Bug 1670312 - ovirt-imageio-daemon fails to start after reboot
Summary: ovirt-imageio-daemon fails to start after reboot
Keywords:
Status: CLOSED CURRENTRELEASE
Alias: None
Product: ovirt-imageio
Classification: oVirt
Component: Daemon
Version: 1.4.6
Hardware: Unspecified
OS: Unspecified
unspecified
urgent
Target Milestone: ovirt-4.3.2
: ---
Assignee: Daniel Erez
QA Contact: Evelina Shames
URL:
Whiteboard:
Depends On:
Blocks:
TreeView+ depends on / blocked
 
Reported: 2019-01-29 08:49 UTC by Sandro Bonazzola
Modified: 2019-03-26 07:20 UTC (History)
8 users (show)

Fixed In Version: v1.5.0
Doc Type: If docs needed, set a value
Doc Text:
Clone Of:
Environment:
Last Closed: 2019-03-26 07:20:51 UTC
oVirt Team: Storage
Embargoed:
rule-engine: ovirt-4.3+


Attachments (Terms of Use)
journalctl -b output (244.70 KB, application/x-xz)
2019-01-29 09:58 UTC, Sandro Bonazzola
no flags Details
sosreport -o ovirt_imageio,vdsm (5.72 MB, application/x-xz)
2019-01-29 10:01 UTC, Sandro Bonazzola
no flags Details
systemctl show ovirt-imageio-daemon.service (1.44 KB, application/x-xz)
2019-01-29 13:51 UTC, Sandro Bonazzola
no flags Details


Links
System ID Private Priority Status Summary Last Updated
oVirt gerrit 97407 0 'None' MERGED daemon: run service after vdsm 2020-11-26 18:39:59 UTC

Description Sandro Bonazzola 2019-01-29 08:49:09 UTC
Description of problem:
- Deployed 4.3.0 RC3, ovirt-imageio-daemon-1.4.6-1.el7.noarch
- Rebooted the host.

imageio daemon fails to start with:
2019-01-29 09:44:37,425 INFO    (MainThread) [server] Starting (pid=22613, version=1.4.6)
2019-01-29 09:44:37,427 ERROR   (MainThread) [server] Service failed (remote_service=<ovirt_imageio_daemon.server.RemoteService object at 0x7fb406e25050>, local_service=<ovirt_imageio_daemon.server.LocalService object at 0x7fb405bc1810>, control_service=None, running=True)
Traceback (most recent call last):
  File "/usr/lib/python2.7/site-packages/ovirt_imageio_daemon/server.py", line 58, in main
    start(config)
  File "/usr/lib/python2.7/site-packages/ovirt_imageio_daemon/server.py", line 99, in start
    control_service = ControlService(config)
  File "/usr/lib/python2.7/site-packages/ovirt_imageio_daemon/server.py", line 206, in __init__
    config.tickets.socket, uhttp.UnixWSGIRequestHandler)
  File "/usr/lib64/python2.7/SocketServer.py", line 419, in __init__
    self.server_bind()
  File "/usr/lib/python2.7/site-packages/ovirt_imageio_daemon/uhttp.py", line 79, in server_bind
    self.socket.bind(self.server_address)
  File "/usr/lib64/python2.7/socket.py", line 224, in meth
    return getattr(self._sock,name)(*args)
error: [Errno 2] No such file or directory

no indication of which file or directory is missing.

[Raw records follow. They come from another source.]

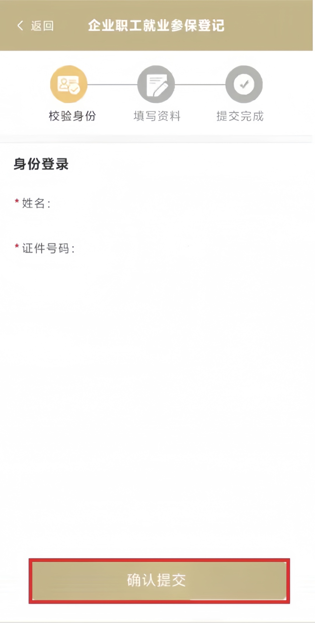 进入“校验身份”页面,分别填写职工的“姓名”“证件号码”,核对无误后点击【确认提交】。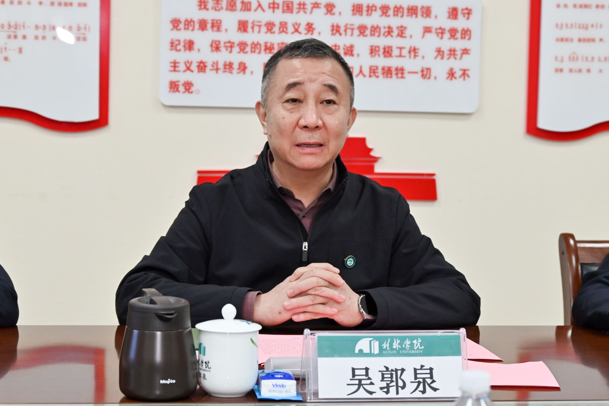 赵家维充分肯定了学校的办学成效与发展思路,并围绕校地国企协同、学校高质量发展提出要求与建议。赵家维指出,桂林城建集团与学校要“分工不分家”,心往一处想、劲往一处使,凝聚发展合力。学校要精准明确办学定位与特色,紧密契合桂林世界级旅游城市核心定位,实现办学与地方发展同频共振。赵家维强调,学校要高起点谋划学科专业设置,聚焦差异化发展,避免同质化竞争,打造核心办学优势;要强化市场化运作思维,加强成本核算与绩效管理,提升办学与项目建设的质效;要充分认识人才培养质量与管理制度建设的重要性,以优质人才输出与规范管理支撑长远发展;要加强协同配合,提前谋划、扎实做好相关评估准备工作;要做好校园安全管理,施工单位需严格遵守学校教学秩序,筑牢安全发展防线。赵家维表示,市国资委将全力推动市属国企与学校深化合作,在产教融合、项目共建、人才输送等方面给予全方位支持。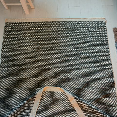 Mustavalkoinen Annon villamatto. Pesty ja nyt ollut jonkun aikaa säilytyksessä. Toinen puoli mustalla pohjalla luonnonvaaleaa raitaa. Muutama moite maton kuteessa. Niistä kuvia.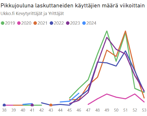 – Tähän mennessä kertyneet laskutustiedot tältä vuodelta vaikuttaisivat siltä, että tänä vuonna olemme saavuttamassa koronaa edeltävän tason pikkujouluihin liittyvissä laskutusmäärissä. Laskujen määrä on nyt korkeampi kuin yhtenäkään vuonna koronan jälkeen tähän aikaan. Keskimääräisistä laskutussummista on hauska huomata, että valokuvaajat ovat osanneet nostaa hintojaan vuosien varrella, kertoo analyytikko Petteri Kaikkonen UKKO.fi:ltä.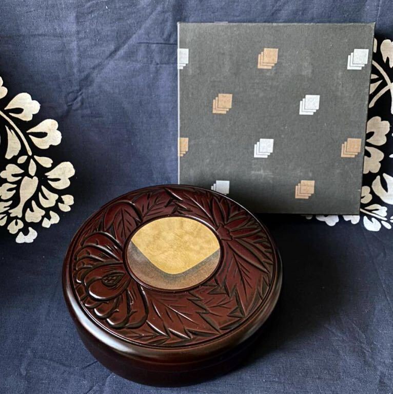 > 【石川県 金沢 箔一 天然木 菓子器】古代ヤンポ菓子器 菓子盆 菓子入れ ヤンポ 木彫り 木製 漆器 茶道具 煎茶道具 昭和レトロ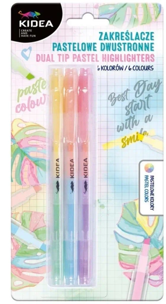 Zakreślacze pastelowe dwustronne 6 kolorów KIDEA - DERFORM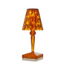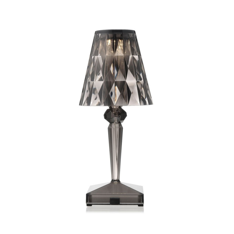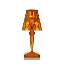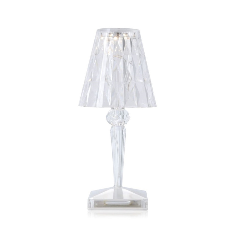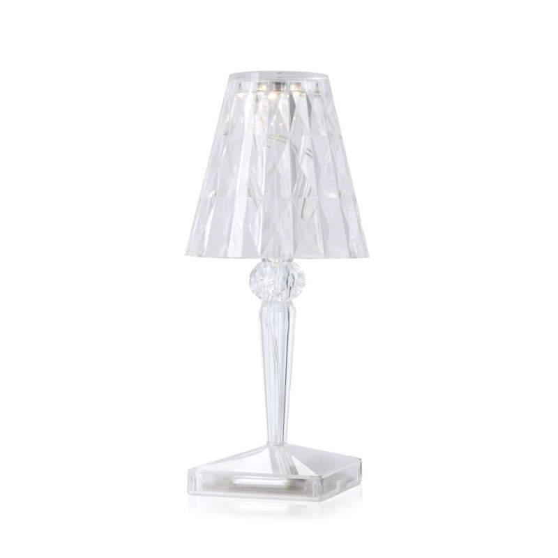 BATTERY TABLE LAMP, 9140 - KARTELL Battery, designed by Ferruccio Laviani, is a renowned table lamp created by Kartell. It is characterized by its compact and iconic lampshade. Crafted from transparent PMMA, Battery exemplifies true innovation as it is 100% rechargeable through a simple plug and can operate independently for up to 8 hours. This portable feature makes it exceptionally easy to move around, making it an ideal choice for outdoor restaurants and cafes. The lampshade of Battery is crystal-colored with a prismatic surface, resulting in captivating light patterns. The lamp's structure showcases a sophisticated blend of three different metallic colors. Materiale Struttura: Tecnopolimero termoplastico Trasparente Dimensioni Larghezza: 13 cm Profondità: 13 cm Altezza: 22 cm Peso unitario: 0.38 kg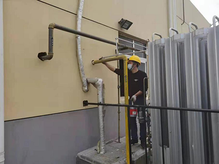 液化天然氣主要用于燃燒鍋爐后向醫(yī)療廢物滅菌器提供高溫蒸氣進行滅菌消毒,是京環(huán)公司重要的生產(chǎn)資料之一。 檢查人員仔細檢查了天然氣管道和設(shè)備,對部分老化的管道進行了除銹處理,并加裝了天然氣泄漏報警器和緊急切斷閥。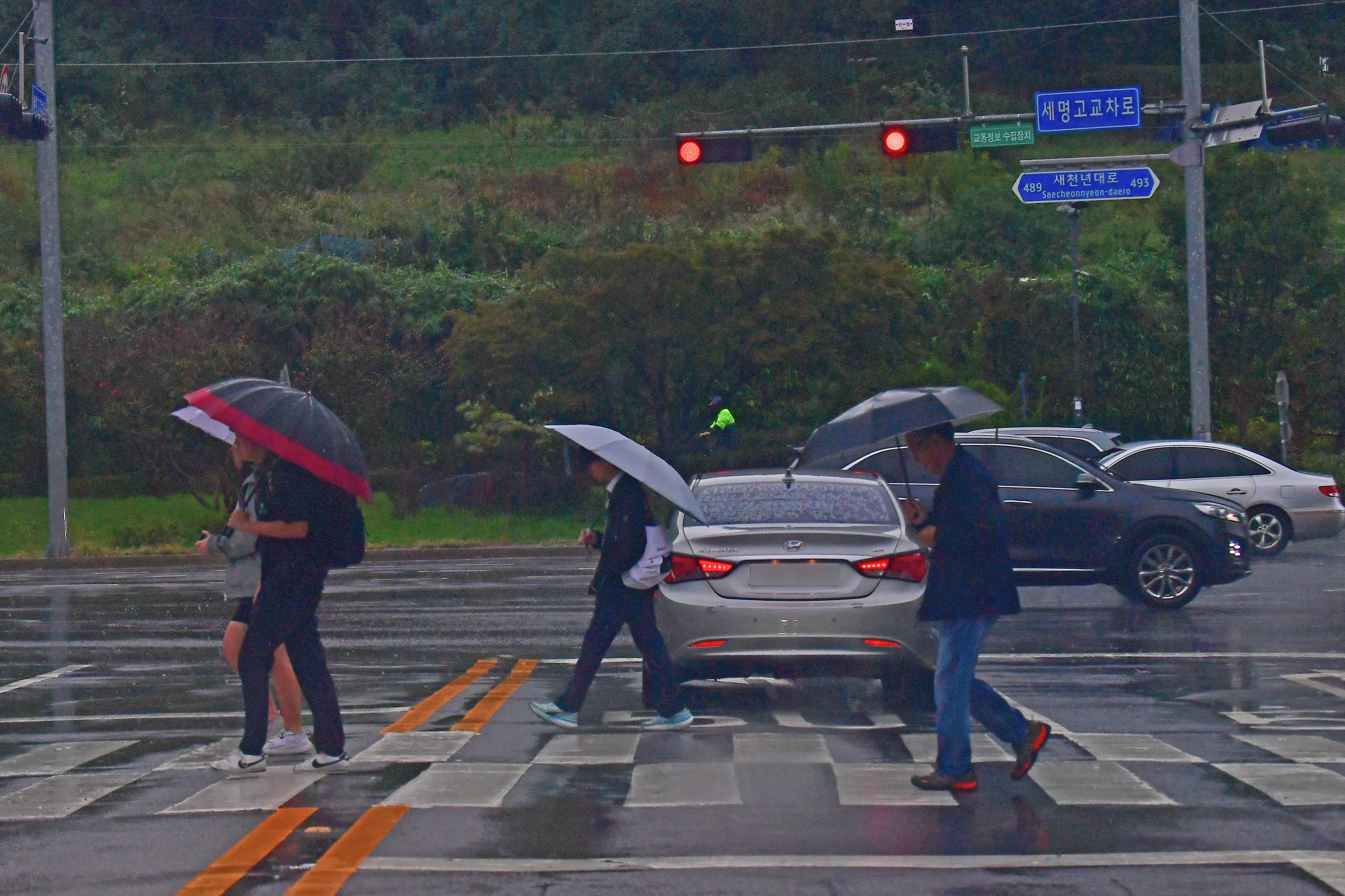 비가 오는 횡단보도를 걷는 시민들/뉴스1 |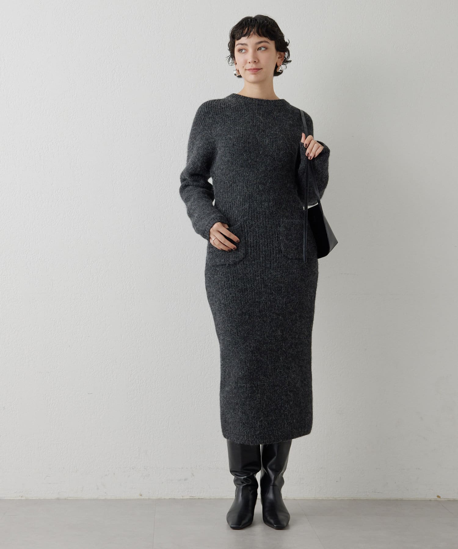 女性らしさが引き立つ、立体シルエットのニットワンピ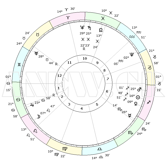 | | ΘΕΣΕΙΣ ΠΛΑΝΗΤΩΝ ΑΣΤΡΟΛΟΓΙΚΟΥ ΧΑΡΤΗ ΤΗΣ ΣΤΙΓΜΗΣ ΑΥΤΗΣ | | | | Πλανήτης | Ζώδιο | Μοίρες | Δεκαήμ. | Σε οίκο | Απόκλιση | | Ακμές των οίκων | | Ηλιος | Τοξότης | 16°47' | Δεύτερο | 6 | 22 S 47 | | 1ος | 19°21' | Δίδυμοι | | Σελήνη | Λέων | 07°18' | Πρώτο | 3 | 21 N 18 | | 2ος | 11°04' | Καρκίνος | | Ερμής | Σκορπιός | 26°12' | Τρίτο | 6 | 17 S 06 | | 3ος | 02°23' | Λέων | | Αφροδίτη | Τοξότης | 09°49' | Πρώτο | 6 | 21 S 30 | | 4ος | 27°08' | Λέων | | Αρης | Τοξότης | 24°59' | Τρίτο | 7 | 24 S 04 | | 5ος | 29°11' | Παρθένος | | Δίας | Καρκίνος | 23°58'R | Τρίτο | 2 | 21 N 29 | | 6ος | 09°28' | Σκορπιός | | Κρόνος | Ιχθείς | 25°23' | Τρίτο | 10 | 03 S 59 | | 7ος | 19°21' | Τοξότης | | Ουρανός | Ταύρος | 28°44'R | Τρίτο | 12 | 19 N 40 | | 8ος | 11°04' | Αιγόκερως | | Ποσειδώνας | Ιχθείς | 29°22'R | Τρίτο | 11 | 01 S 29 | | 9ος | 02°23' | Υδροχόος | | Πλούτωνας | Υδροχόος | 02°05' | Πρώτο | 8 | 23 S 22 | | 10ος | 27°08' | Υδροχόος | | Β. Δεσμός | Ιχθείς | 13°24' | Δεύτερο | 10 | 06 S 31 | | 11ος | 29°11' | Ιχθείς | | Ωροσκόπος | Δίδυμοι | 19°21' | Δεύτερο | | | 12ος | 09°28' | Ταύρος | | Μεσουράνημα | Υδροχόος | 27°08' | Τρίτο | | | |
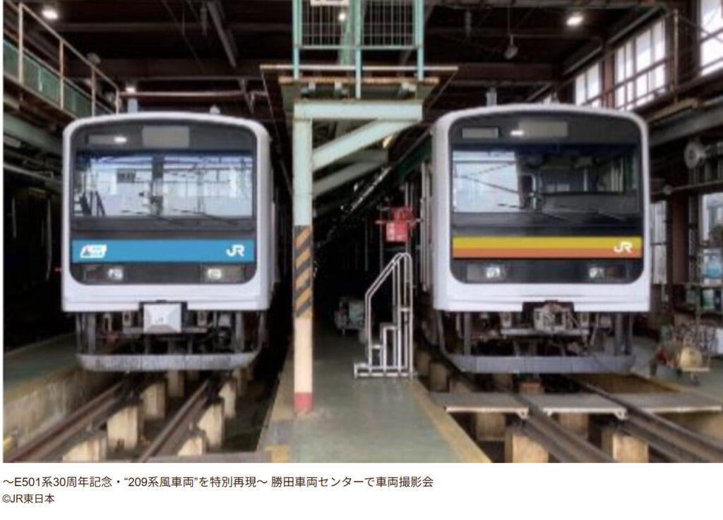 @Kozaki_nigu~E501系30周年記念・“209系風車両”を特別再現~勝田車両センターで車両撮影会(JR東日本 水戸支社) | JR東日本が運営【JRE MALLチケット】 見た目が瓜二つだから209系っぽく仕立てるの強引で笑ったw 千葉の209系も京浜東北線時代を再現したら人気でる?? event.jreast.co.jp/activity/detai…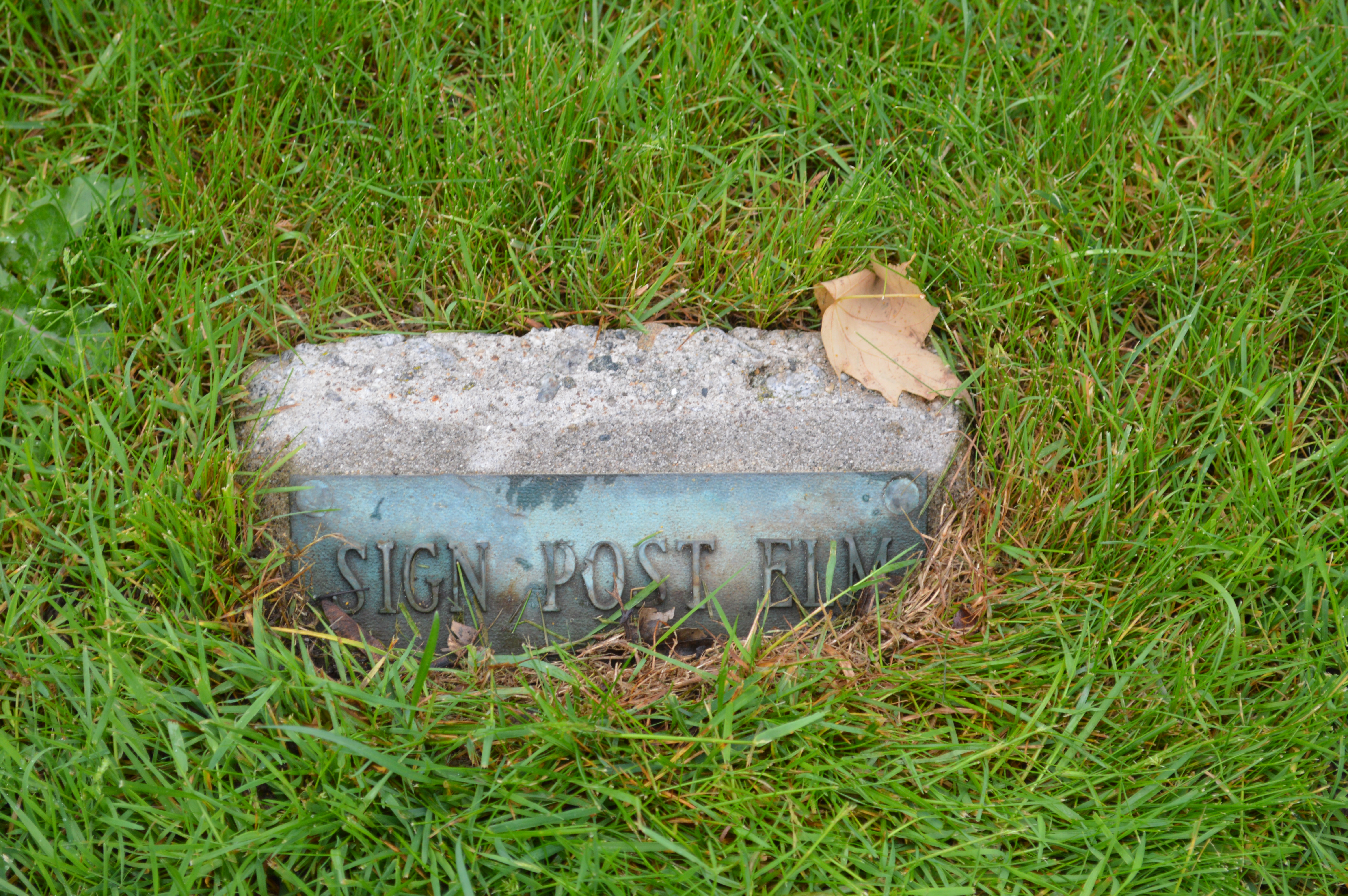 The marker for the sign-post elm is visible as the small stone-like object to the left of the telephone pole in this photograph.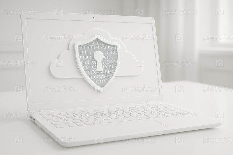 Цифровой щит кибер безопасности в облачном хранилище на ноутбуке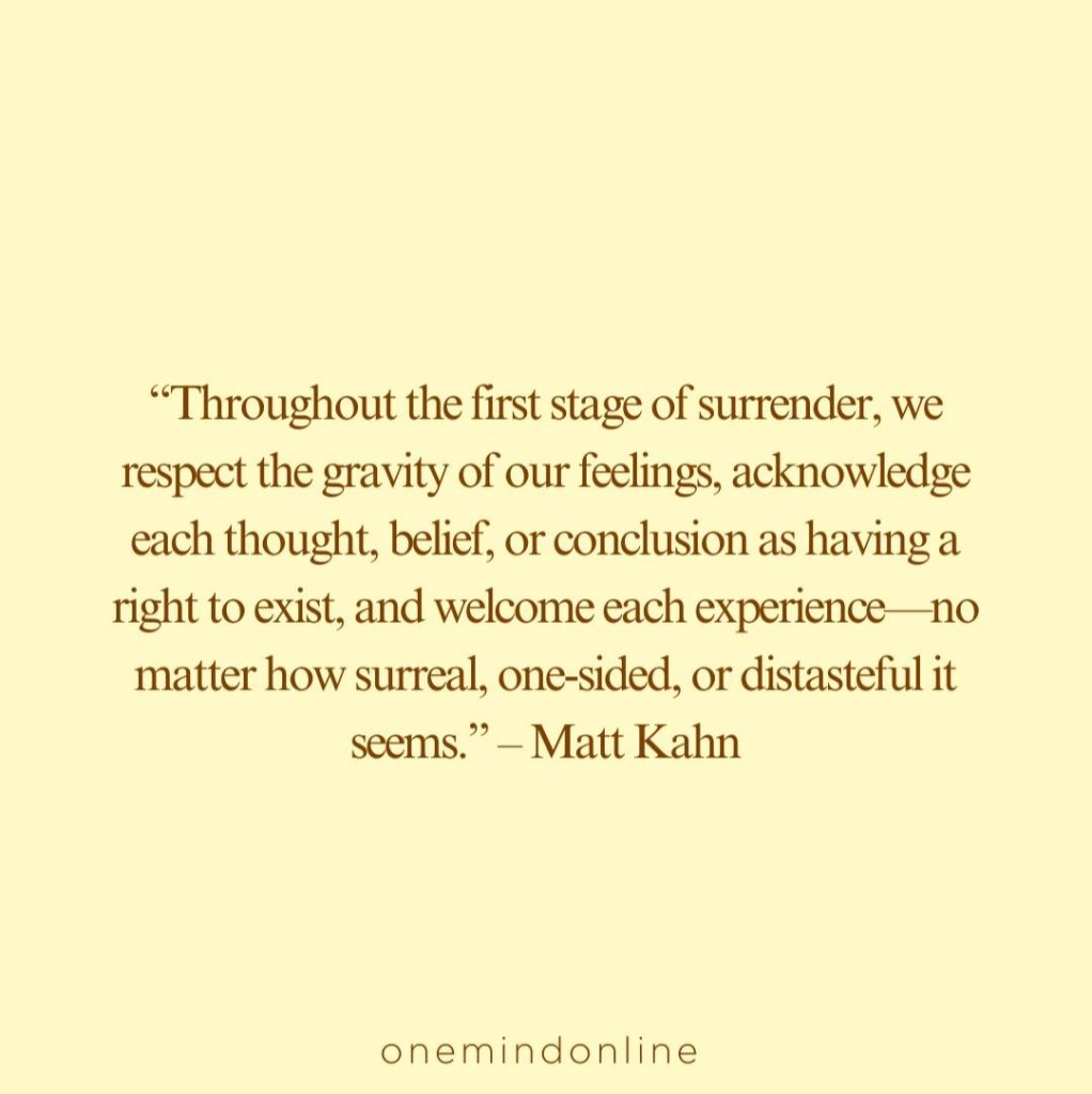 “Throughout the first stage of surrender, we respect the gravity of our feelings, acknowledge each thought, belief, or conclusion as having a right to exist, and welcome each experience—no matter how surreal, one-sided, or distasteful it seems.” – Matt Kahn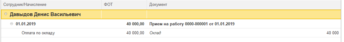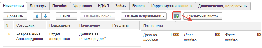 Если выполнялись дополнительные задания и вводились данные для доплаты за объем продаж, то должна сформироваться строка с доплатой. Однако сумма будет равна нулю, поскольку план продаж не выполнен.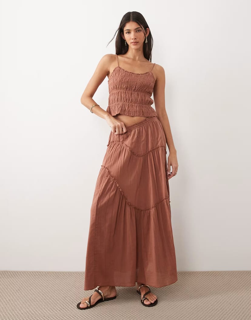 See all outfit ideasThis mocha brown maxi skirt from ASOS features a tiered ruffle design and a smocked waistband. Made from a lightweight, flowing fabric, it offers a voluminous and full look. Perfect for casual outings or beachwear.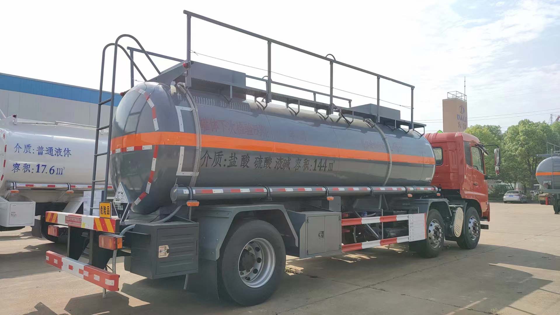 15噸罐式運輸可出鹽酸、硫酸、氫氧化鈉溶液、磷酸溶液、硝酸、乙酸溶液、等8類腐蝕品車輛,選擇哪一款更合適,用習慣天錦的車輛客戶,當然會優(yōu)先提出采用東風天錦三軸國六腐蝕品罐式運輸車,以下是詳細配置介紹: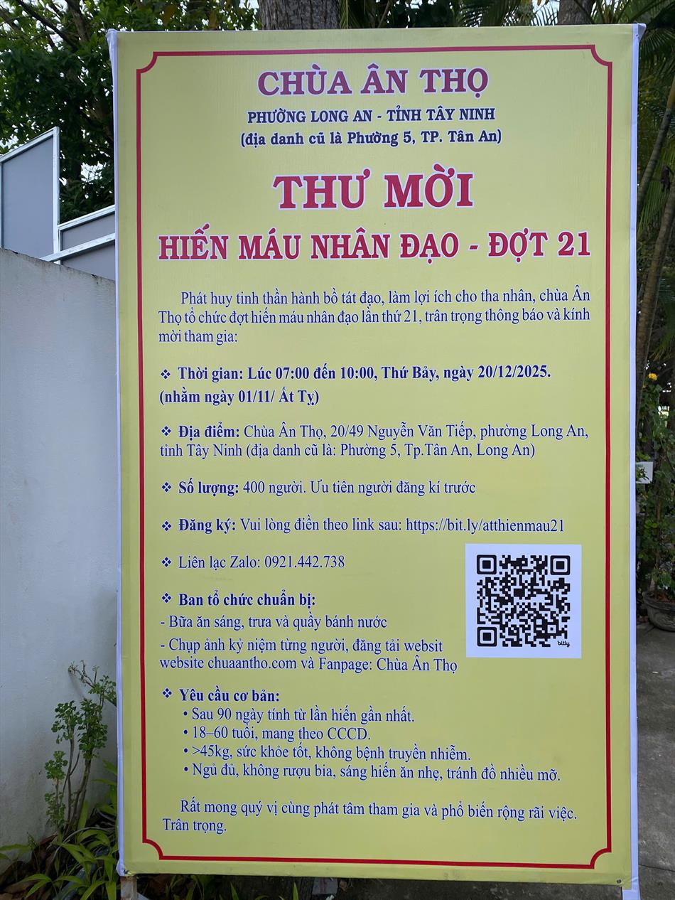 Chương trình kế tiếp của chùa là đợt hiến máu nhân đạo lần thứ 21, phối hợp cùng Ban Trị sự GHPGVN tỉnh Tây Ninh, dự kiến thu hút khoảng 400 người tham gia.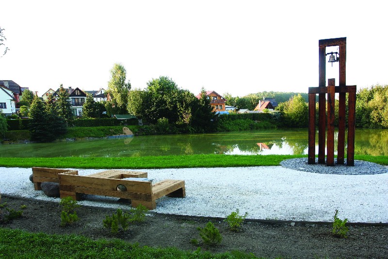 Základním materiálem je dřevo a kámen, masivní dubové hranoly nesou stopy opracování pilou a sekerou. Kameny jsou dovezeny z blízkého okolí, velmi dobře ladí se vzhledově příjemným a teple působícím dřevem. Kámen je použit i jako doplněk pro oživení celku – jednou je podhlavníkem na lavici, podruhé, zavěšený nad studnou, nositelem šifrovaného sdělení. Dnes plnohodnotné a nevšední centrum obce se kromě jiného stalo také místem vyhledávaným svatebčany z Klatov, kteří se zde často fotí. „Na návsi se zastavují ti, kteří procházejí obcí nebo projíždějí na kole. Kuriozitou a současně vyznamenáním pro mě je, že svatby, které se uskuteční v Klatovech na radnici, se někdy jezdí fotit tady před tu zvoničku na plácek s pozadím rybníka,“ uzavírá sochař.

Comment 1 Sandro Bonazzola 2019-01-29 08:57:09 UTC
Happened only on one of the 2 hosts in my datacenter so it's not 100% reproducible.

Comment 2 Nir Soffer 2019-01-29 09:45:59 UTC
Sandro, can you share the logs from the host with this issue?

I think output of "journalctl -b failing-boot-id" will be useful.

This smells like a duplicate of bug 1639667, but we need the logs
to be sure.

Comment 3 Sandro Bonazzola 2019-01-29 09:58:18 UTC
Created attachment 1524528 [details]
journalctl -b output

Comment 4 Sandro Bonazzola 2019-01-29 10:01:35 UTC
Created attachment 1524541 [details]
sosreport -o ovirt_imageio,vdsm

Comment 5 Nir Soffer 2019-01-29 10:17:16 UTC
In journal.log (attachment 1524528 [details]) we see:

gen 29 09:36:31 minidell.home systemd[1]: ovirt-imageio-daemon.service: main process exited, code=exited, status=1/FAILURE
gen 29 09:36:31 minidell.home systemd[1]: Failed to start oVirt ImageIO Daemon.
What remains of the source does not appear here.